When a mother experiences pathophysiological changes like cancer, the placenta, may not be able to adapt metabolically, failing to maintain itself and provide optimal conditions for the healthy growth and development of the foetus. To the best of our knowledge, no previous publication has combined the analysis of the metabolomic profile of both the placenta and foetus in association with the maternal serum profile under tumour growth evolution. Hence, it is essential to conduct more studies to demonstrate the connection and significant metabolic pathways affected by cancer between the placental and foetal tissues. This work showed that neoplastic evolution causes changes in synthesis, degradation and energy sources vias during pregnancy, which opens up possibilities for identifying potential treatments that can ensure placental and foetal viability. Thus, the nuclear magnetic resonance technique was used to evaluate the altered serum, placental and foetal metabolites due to tumour growth throughout rat pregnancy in a time-course analysis (three stages of pregnancy), corresponding to similar stages of human pregnancy.

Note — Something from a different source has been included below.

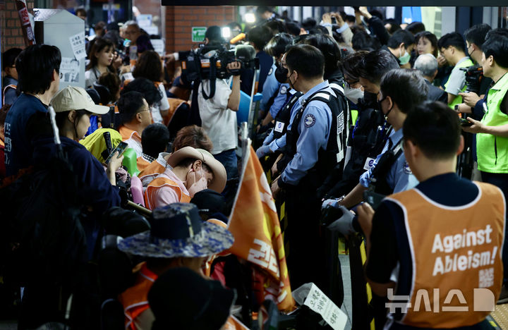 [서울=뉴시스] 김명년 기자 = 전국장애인차별천폐연대 회원들이 13일 오후 서울 종로구 시청역 2호선 승강장에서 집회를 열고 오세훈 서울시장에게 대화를 촉구하고 있다. 2025.05.13. [email protected]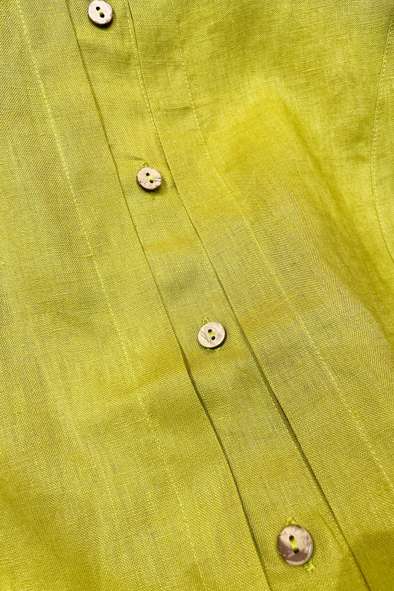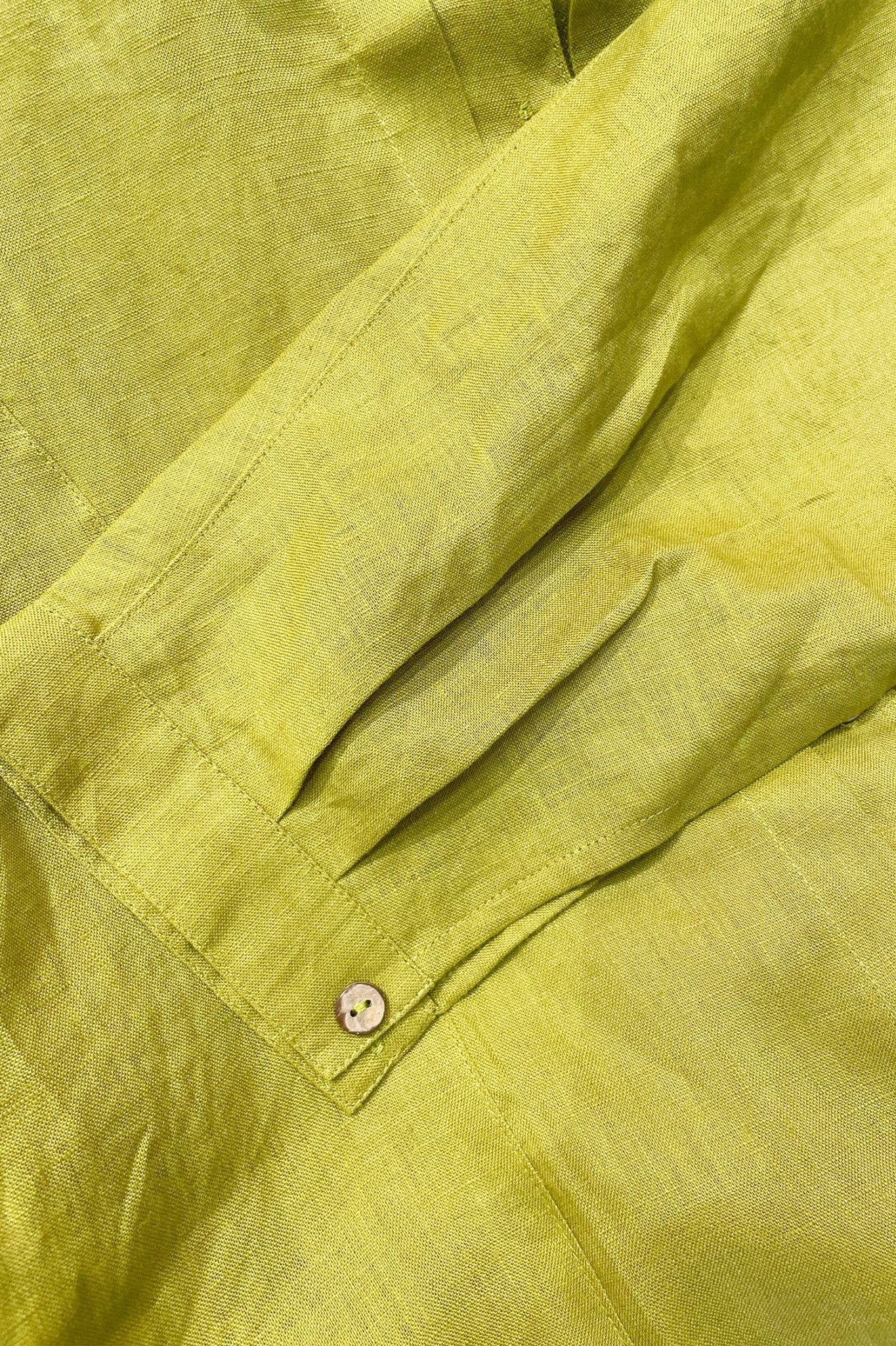 100% linen shirt with basic form, highlighted by the prominent pleat detail along the front.

In this study, our focus was on the placental tissue, which is at the centre of the impact of tumour evolution, and we correlated the serum metabolic changes and their impact on foetal development. We analysed the time course of the rat pregnancy, knowing that at the middle of gestation (14th to 16th dpc), the placenta becomes fully functional, reaching its growth peak at 19 dpc, where placental weight remains stable [14,15,16]. Ensuring placental functions are crucial to guarantee optimal foetal growth and birth weight, which in turn plays a significant role in determining the foetus’s health [17]. Small-for-gestational-age foetuses have a higher risk of perinatal mortality and are more prone to future health complications such as obesity, diabetes, and cardiovascular, endocrine, and neural development disorders [18].
Maternal homeostasis changes can impact foetal weight, but placental insufficiency is considered a more significant factor, especially by the exchange maternal–foetal occurring mainly through the highly vascularized labyrinth zone [15,18]. Therefore, placental efficiency is related to the ability to transfer nutrients to the foetus, where the foetal weight/placenta ratio is considered an indicator of its efficiency [15]. As seen in this study, the presence of the tumour led to a reduction in foetal weight at 16 dpc and 19 dpc, as well as in foetal/placental ratio clearly corroborating with lower placental efficiency, as previously observed, a severe placental morphological change with increased oxidative stress and DNA fragmentation [8,19,20,21], suggesting a placental dysfunction [22,23,24].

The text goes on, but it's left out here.